Adopted July 2001 - Went to sleep August 2009, aged roughly 14.

Her first day home













































Sleep tight.


----------



## thedogsmother (Aug 28, 2008)

Have fun at the bridge Breagha, those lovely photos show just how loved and what a wonderfully happy life Breagha had with you Happysaz, sending big hugs your way hun.


----------



## FREE SPIRIT (Jul 8, 2009)

So sorry for your loss. 

R.I.P BREAGHA XXXX


----------



## Freyja (Jun 28, 2008)

So sorry.


R I P BREAGHA


----------



## KarenHSmith (Apr 20, 2008)

So sorry for your loss, she was gorgeus - run free xx


----------



## Tigerneko (Jan 2, 2009)

run free beautiful Breagha


----------



## noushka05 (Mar 28, 2008)

im so sorry for your loss she was beautiful R.I.P. Breagha xxx


----------



## jill3 (Feb 18, 2009)

So sorry for your loss.
The photos of her are beautiful and can tell she was much loved.
She sure had a lovely life with you!
So R.I.P. Sweet Breagha and have fun at rainbow bridge.


----------



## katie200 (May 11, 2009)

im really sorry for your loss it dose hurt like hell i should know we had to put our dog down a few month ageo love the photos she looks a well loved dog and i bet shes happy where every they go


----------



## ziggyjrt (Sep 8, 2009)

i am sorry for your loss, she was a beautiful lady and looks similar to our 13 year old adopted Lurcher -greyhound Lucy. she looks so happy in her photos
bless you Breagha rest in peace you beautiful girl.xxx


----------



## Nellybelly (Jul 20, 2009)

Yes, definintely looks like a happy dog from the photos!

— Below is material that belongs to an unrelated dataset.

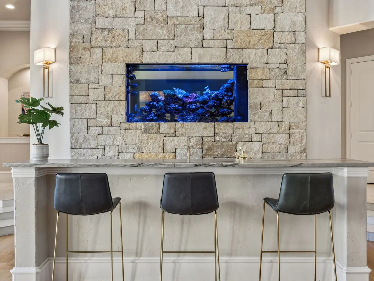 Welcome to this stunning West Plano home, a cul-de-sac lot with an expansive backyard oasis that sits on a greenbelt with unparalleled views. Recently remodeled and full of upgrades and unique touches - truly move-in ready. At entry, guests are greeted with a dramatic great room showcasing soaring ceilings, sweeping windows looking to the backyard, and a striking aquarium. Office-library combo is the perfect space for work or relaxation, with built-ins, windows culminating in an eye-catching arch, and charming winding staircase leading to library. Elegant dining room is perfect for entertaining, with barrel ceilings, butler's pantry, and bay windows. Gourmet kitchen is a chef's dream, with built-in Viking appliances, like commercial-grade gas range and vent, double dishwashers, three ovens, and walk-in pantry. Hosting is a delight, with waterfall-edge quartzite countertops, oversized island, breakfast bar, and sunny breakfast nook with windows overlooking lush outdoor landscaping. Primary suite is an enormous haven with barrel ceilings, sitting area surrounded by bay windows, and gas fireplace. Spa-like primary bath has dual vanities, separate shower with body sprays, and freestanding jetted garden tub with uplighting. Media and game room are the perfect combo to host, with wet bar, space for pool table, and built-ins. Secondary bedrooms are all generously sized, with natural light and ensuite baths. Any of the rooms could be converted to an exercise room or additional office. Backyard oasis features sparkling saltwater pool and spa with waterfall, and oversized patio that boasts a fireplace and outdoor kitchen, complete with built-in grill. Further in the yard is a peaceful nook with a koi pond. Other features include beautiful live oaks, bocce ball court, play yard, and firepit. This home is minutes away from high-end shopping and dining and a short drive to Legacy West, The Star, Stonebriar Country Club, The Clubs of Prestonwood, and 20 minutes to DFW Airport.

I am so sorry you had to let her go But she had a good life with you, and you did the kindest thing for her.


----------



## savvy (Apr 9, 2009)

So so sorry for your loss - she was beautiful and she looked like she was really happy to be in your family

RIP Breagha, run free at the bridge xxx


----------



## Nina (Nov 2, 2007)

My heart and thoughts go out to you on your sad loss xxx


----------